◆ **Problem description**
Leave the images aside and repeat the whole listing exactly.

◆ **Supplied information**
★ ★ ★
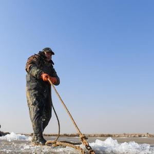 冬日時(shí)節,內蒙古達拉特旗樹(shù)林召鎮的村民在結冰的魚(yú)塘上鑿冰、拉網(wǎng),捕撈人工養殖的“黃河魚(yú)”,以備春節前夕上市。達拉特旗位于黃河“幾”字彎,人工養殖的“黃河魚(yú)”是當地的一大特色。
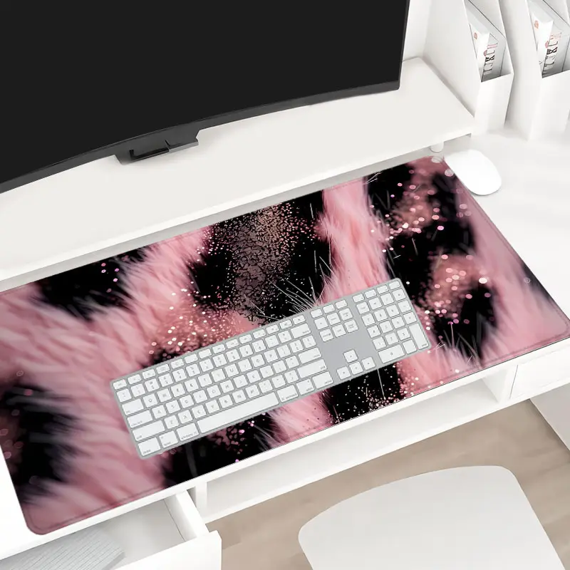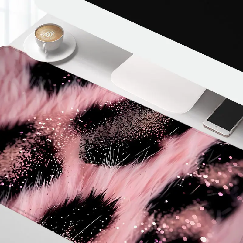 Extra Large Pink Leopard Print Mouse Pad Soft Fur Gaming Mouse Pad 35x16 Inch Computer Keyboard Mousepad Suitable for Families, Offices and Schools. Perfect Gift for Family Members and Friends
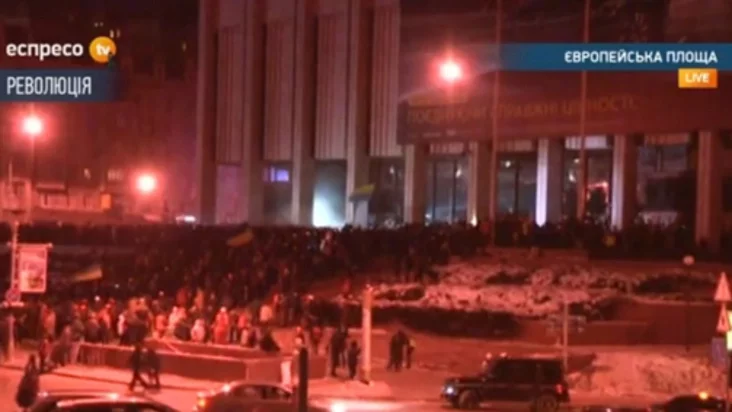 У ноч на 26 студзеня мітынгоўцы ў Кіеве акружылі, а затым і занялі «Украінскі дом» на Еўрапейскай плошчы, у якім напярэдадні днём забарыкадаваліся байцы «Беркута» і вайскоўцы ўнутраных войскаў.
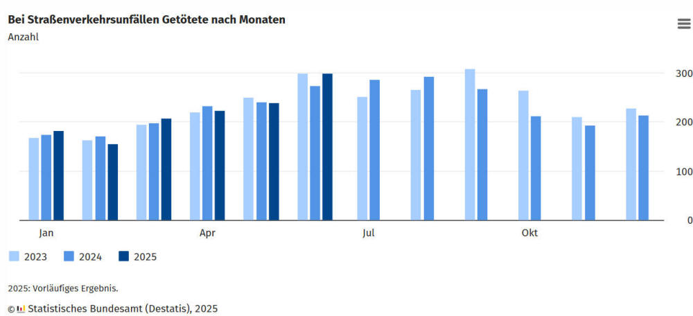 Zahl der Verkehrstoten im 1. Halbjahr 2025
★ ★ ★
◆ **Answer space**
 冬日時(shí)節,內蒙古達拉特旗樹(shù)林召鎮的村民在結冰的魚(yú)塘上鑿冰、拉網(wǎng),捕撈人工養殖的“黃河魚(yú)”,以備春節前夕上市。達拉特旗位于黃河“幾”字彎,人工養殖的“黃河魚(yú)”是當地的一大特色。
 Extra Large Pink Leopard Print Mouse Pad Soft Fur Gaming Mouse Pad 35x16 Inch Computer Keyboard Mousepad Suitable for Families, Offices and Schools. Perfect Gift for Family Members and Friends
 У ноч на 26 студзеня мітынгоўцы ў Кіеве акружылі, а затым і занялі «Украінскі дом» на Еўрапейскай плошчы, у якім напярэдадні днём забарыкадаваліся байцы «Беркута» і вайскоўцы ўнутраных войскаў.
 Zahl der Verkehrstoten im 1. Halbjahr 2025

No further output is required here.